IT was, I think, in 1881, that Turgenief, while visiting me, got a French book, entitled "Maison Tellier," out of his portmanteau and gave it to me.

"Read it some day," said he, with pretended indifference; just in the same way as, a year before, he had given me a number of "The Russian Wealth," containing a story by Garshin, then just beginning to write. As in Garshin's case, so now, he was evidently afraid of influencing me one way or the other, and wished to have my altogether unbiased opinion.

"It is by a young French writer," he said. "Look it over: it is not bad. He knows you, and greatly appreciates you," he added, as if wishing to propitiate me. "As a type, he reminds me of Druzhinin; he is like Druzhinin, an excellent son, a good friend, un homme d'un commerce sûr[1], and, besides this, he associates with the working-people, guides them, helps them. Even in his relations with women he reminds me of Druzhinin." And Turgenief told me something astonishing, incredible, as to Maupassant's conduct in this respect.
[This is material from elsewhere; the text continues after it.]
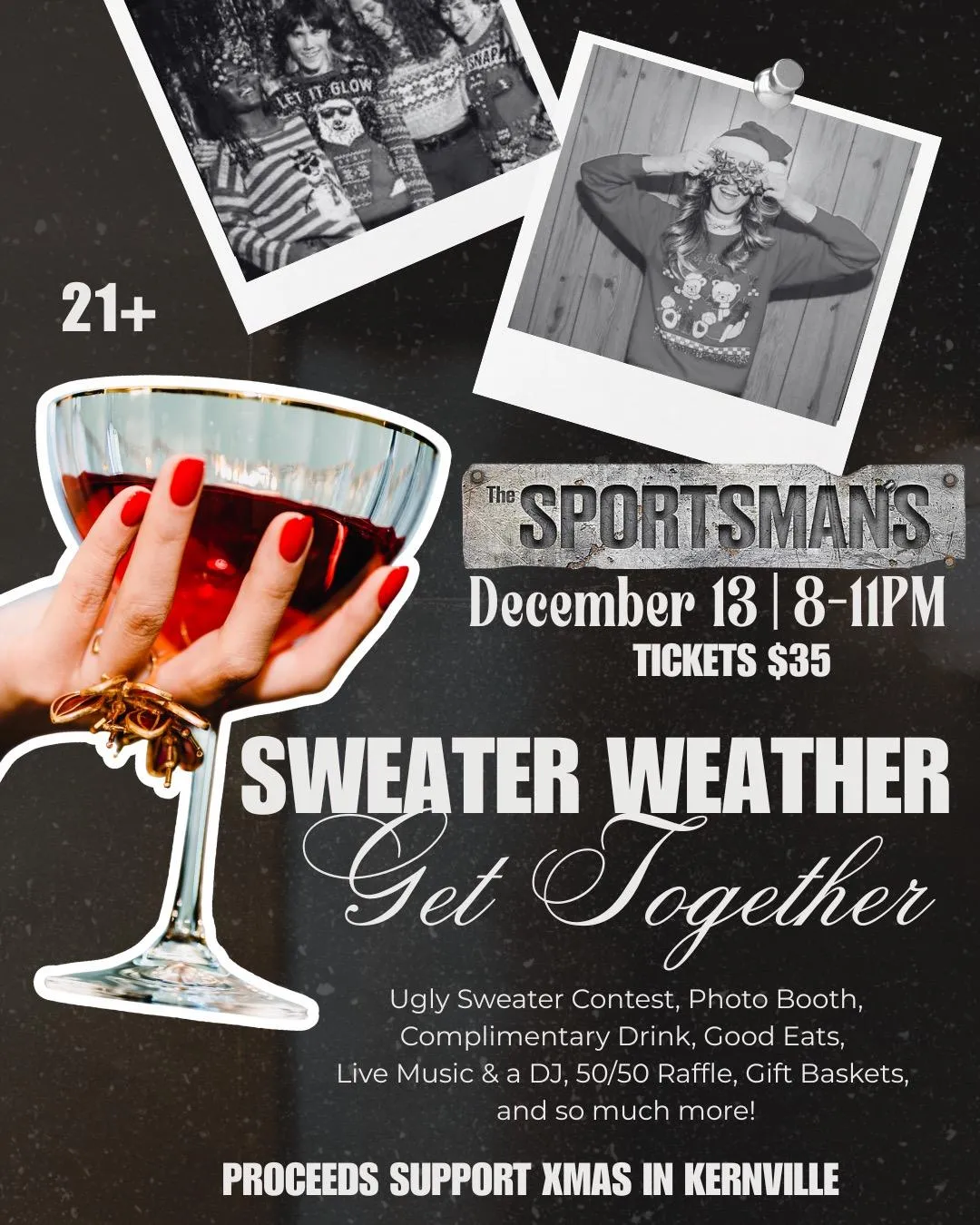 Join us for a cozy, joy-filled night at the Sweater Weather Get Together, happening December 13th from 8-11 PM at The Sportsman in Kernville! Throw on your most outrageous holiday attire and come ready for festive fun, community spirit, and plenty of holiday cheer.

That particular period, the year 1881, was for me the fiercest time of the inner reconstruction of my whole understanding of life, and in this reconstruction those employments called the fine arts, to which I had formerly given all my powers, had not only lost all their former importance in my eyes, but had become altogether obnoxious to me owing to the unnatural position they had hitherto occupied in my life, and which they generally occupy in the estimation of people of the wealthy classes.

  1. A man to be relied on.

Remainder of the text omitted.